§ **Data supplied**:
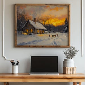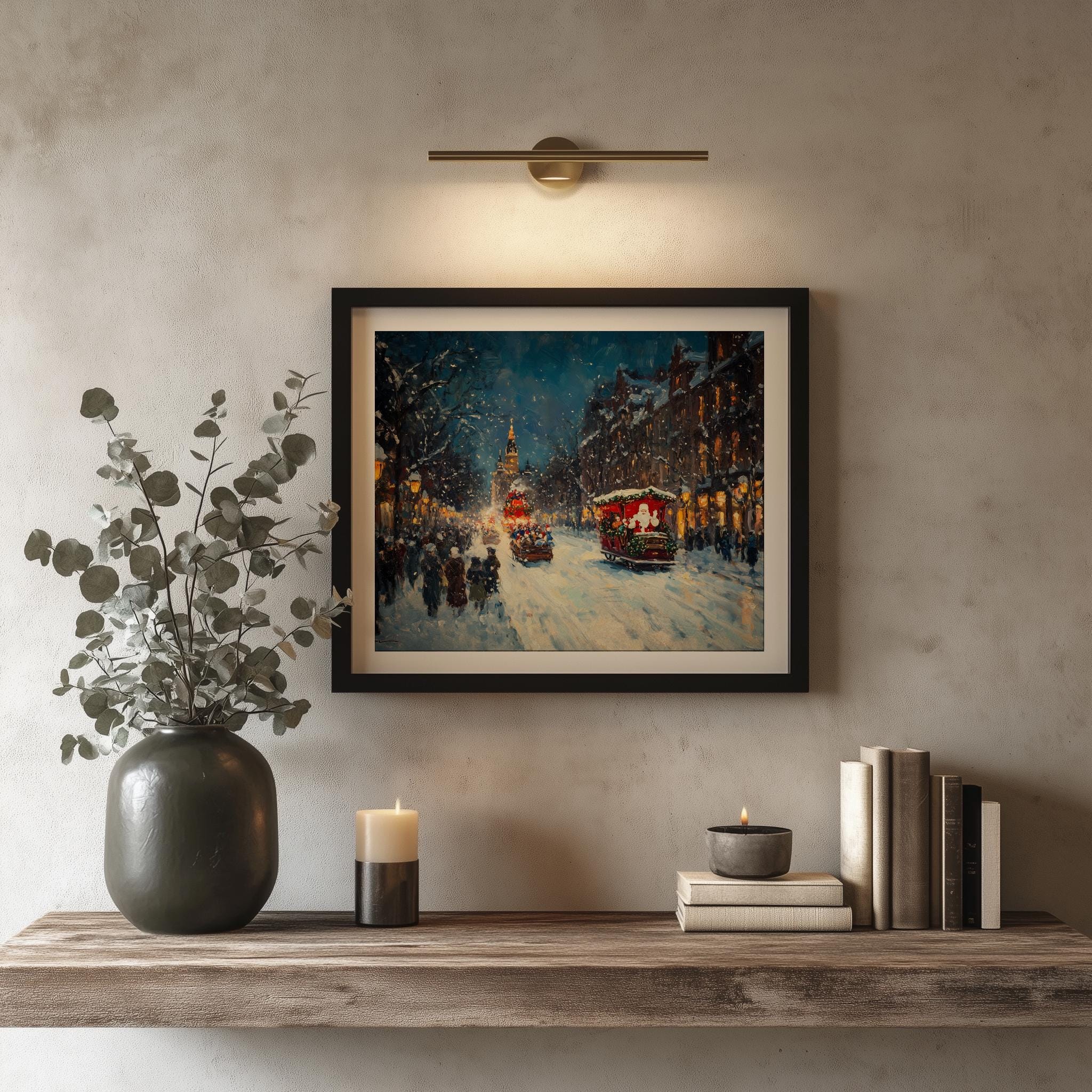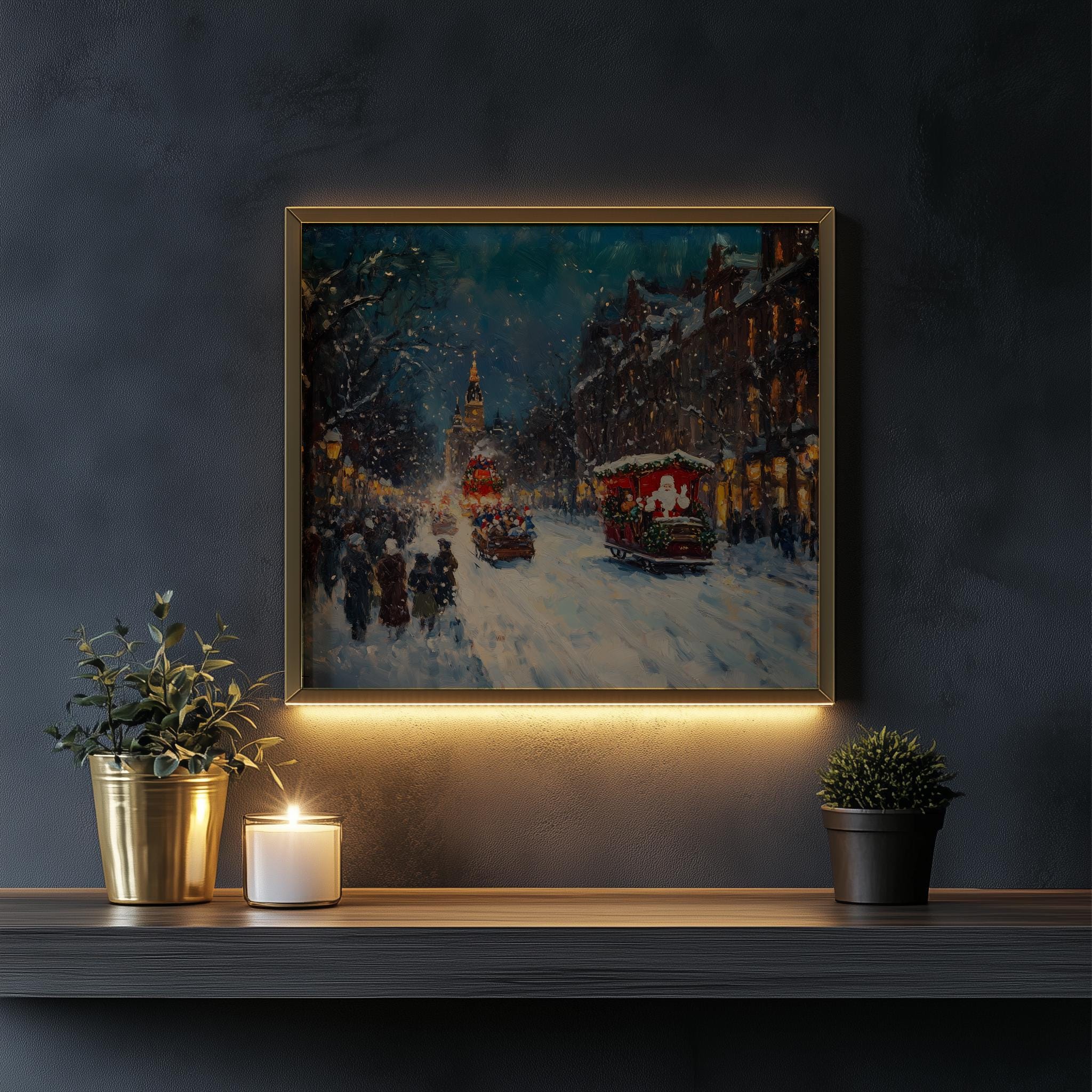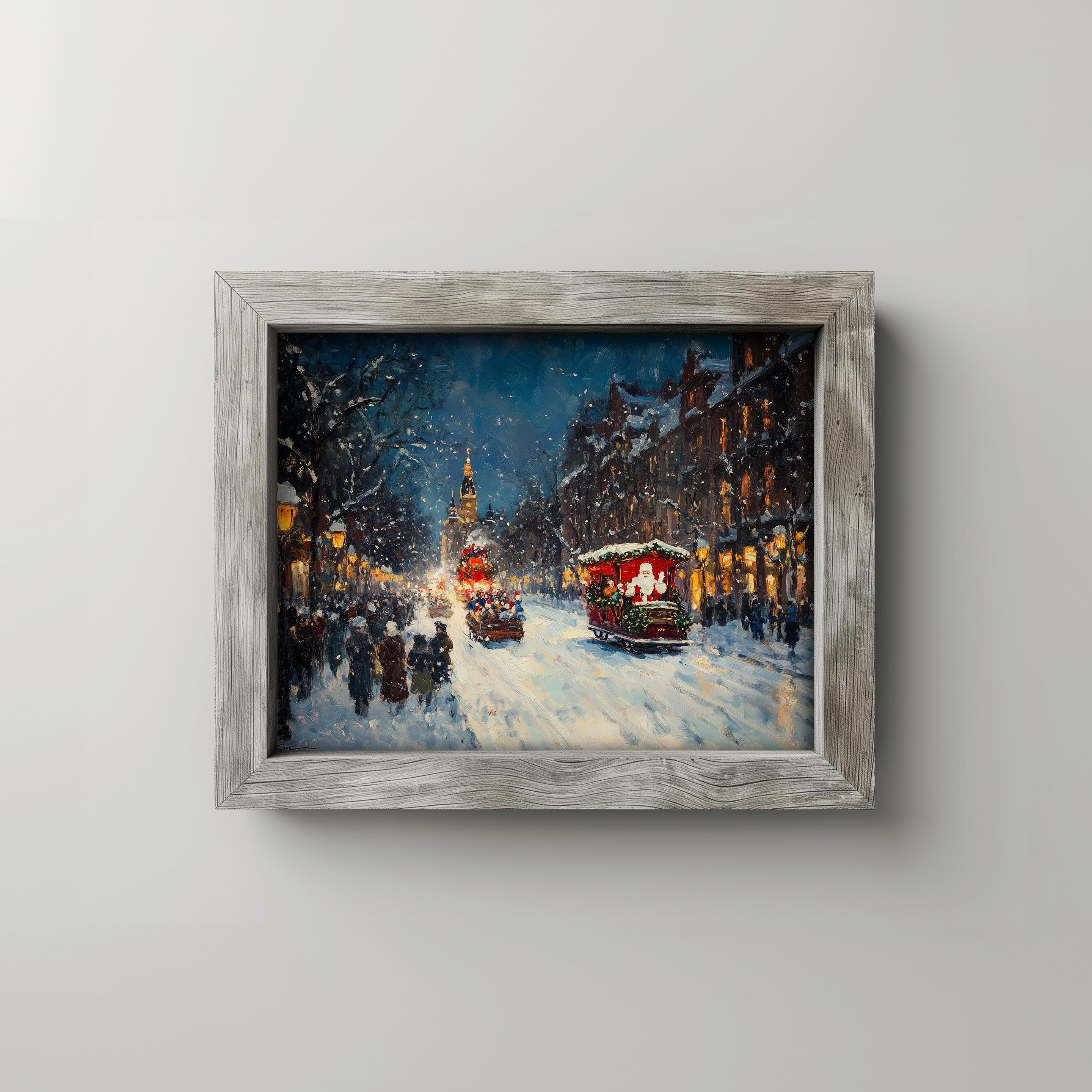 Christmas Parade Oil Painting - A Charming Winter Wonderland Immerse yourself in the enchanting scene of a vintage holiday street, where families gather to watch a festive parade under a blanket of snow. This exquisite oil painting captures the essence of a joyful winter evening, making it the perfect addition to your holiday decor. Bring warmth and nostalgia to your home with this printable art that celebrates the beauty of the season. Winter
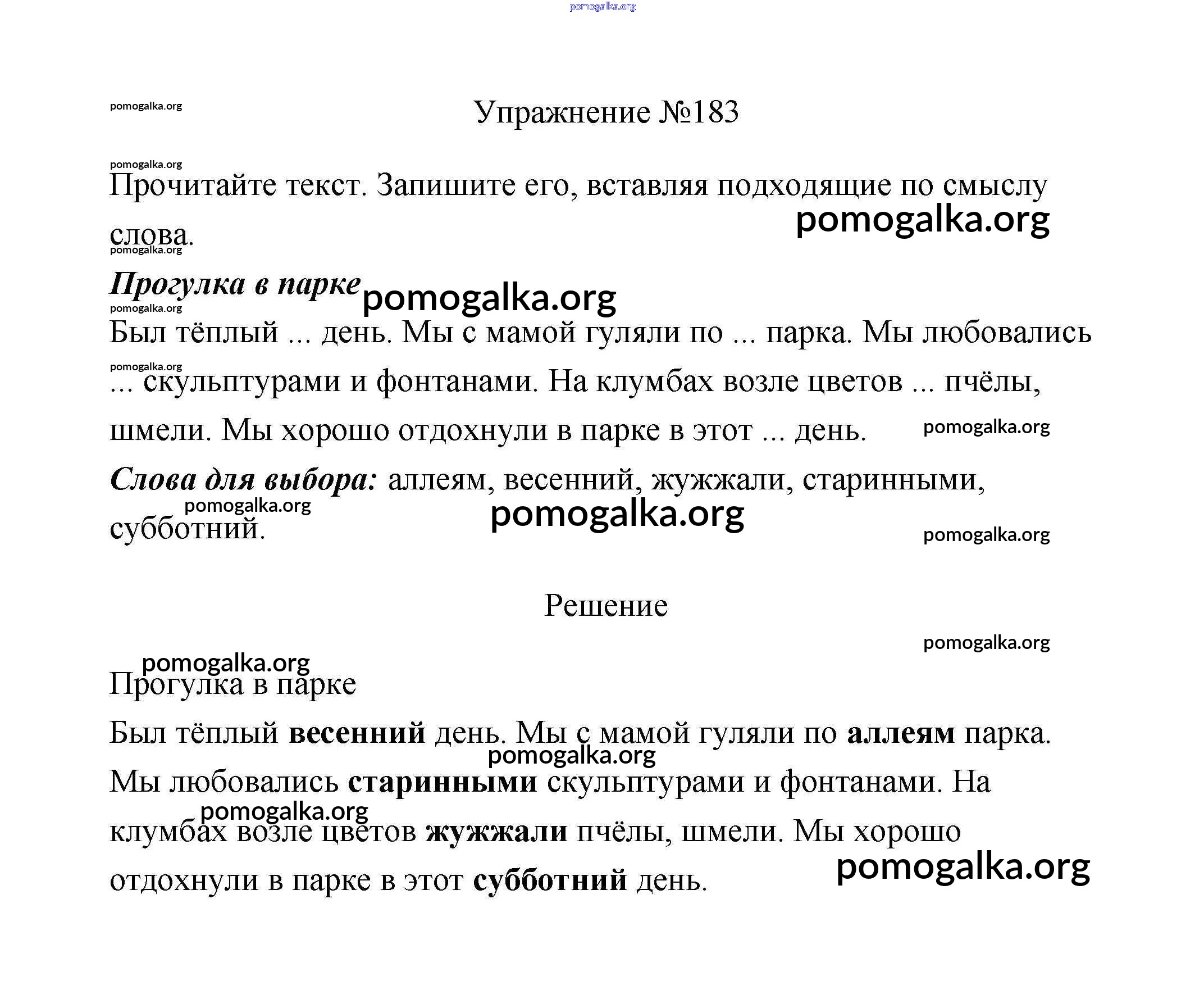 Готовые ответы - Русский язык 2 класс Климанова - упражнение часть 1 183
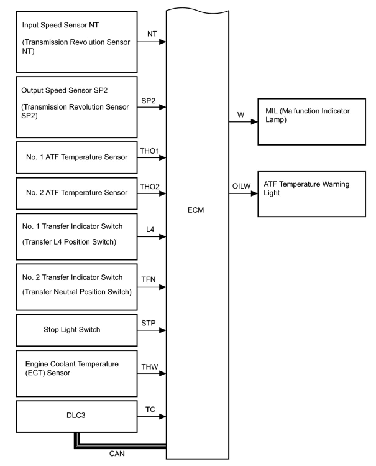 The configuration of the electronic control system in the A750F automatic transmission is as shown in the following chart.
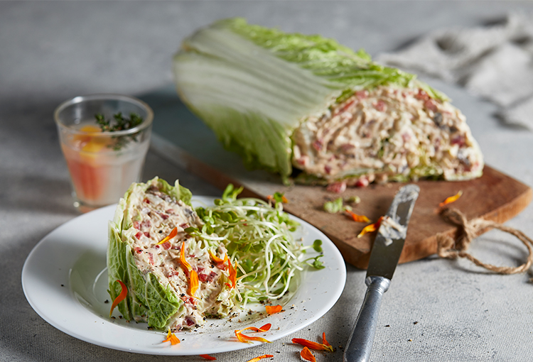 Cortar el akusai al medio a lo largo cuidando que las hojas no se desprendan del tronco. Lavarlo y escurrir cuidadosamente. Apoyarlo en un film, retirar el tronco central sin desprender del todo las hojas e ir abriéndolas desde las más grandes a modo de abanico, untarlas con la mezcla y repetir con las siguientes capas.
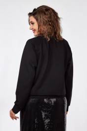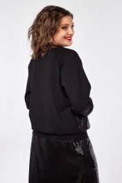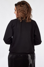 Джемпер женский, выполненный из трикотажного полотна и ткани с пайетками. Вырез горловины V-образный, рукав реглан. По низу рукава - манжет, низ изделия на притачной планке. Перед из ткани в пайетки. Длина рукава от горловины - 71см, длина изделия - 60см.
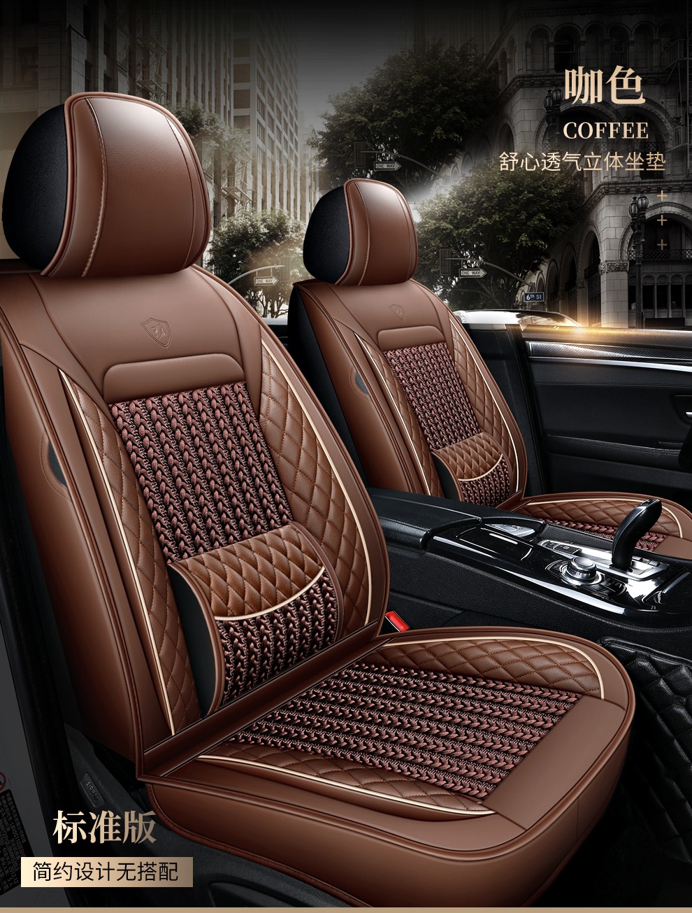 梦多福 2021新款四季通用汽车坐垫秋冬夏季冰丝汽车坐套四季通用凉垫车垫4S店全包座垫座套 米色 标准版 夏季冰丝坐垫
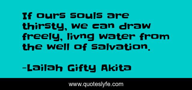 This page presents the quote "If ours souls are thirsty, we can draw freely, livng water from the well of salvation.". Author of this quote is Lailah Gifty Akita. This quote is about water, christian, repentance, salvation,.

§ **Problem to work on**: Once you reach the line containing "Cortar el akusai", print it and every line after it exactly, through the end of the entries, without any pictures.

§ **Exercise result**:
 Cortar el akusai al medio a lo largo cuidando que las hojas no se desprendan del tronco. Lavarlo y escurrir cuidadosamente. Apoyarlo en un film, retirar el tronco central sin desprender del todo las hojas e ir abriéndolas desde las más grandes a modo de abanico, untarlas con la mezcla y repetir con las siguientes capas.
 Джемпер женский, выполненный из трикотажного полотна и ткани с пайетками. Вырез горловины V-образный, рукав реглан. По низу рукава - манжет, низ изделия на притачной планке. Перед из ткани в пайетки. Длина рукава от горловины - 71см, длина изделия - 60см.
 梦多福 2021新款四季通用汽车坐垫秋冬夏季冰丝汽车坐套四季通用凉垫车垫4S店全包座垫座套 米色 标准版 夏季冰丝坐垫
 This page presents the quote "If ours souls are thirsty, we can draw freely, livng water from the well of salvation.". Author of this quote is Lailah Gifty Akita. This quote is about water, christian, repentance, salvation,.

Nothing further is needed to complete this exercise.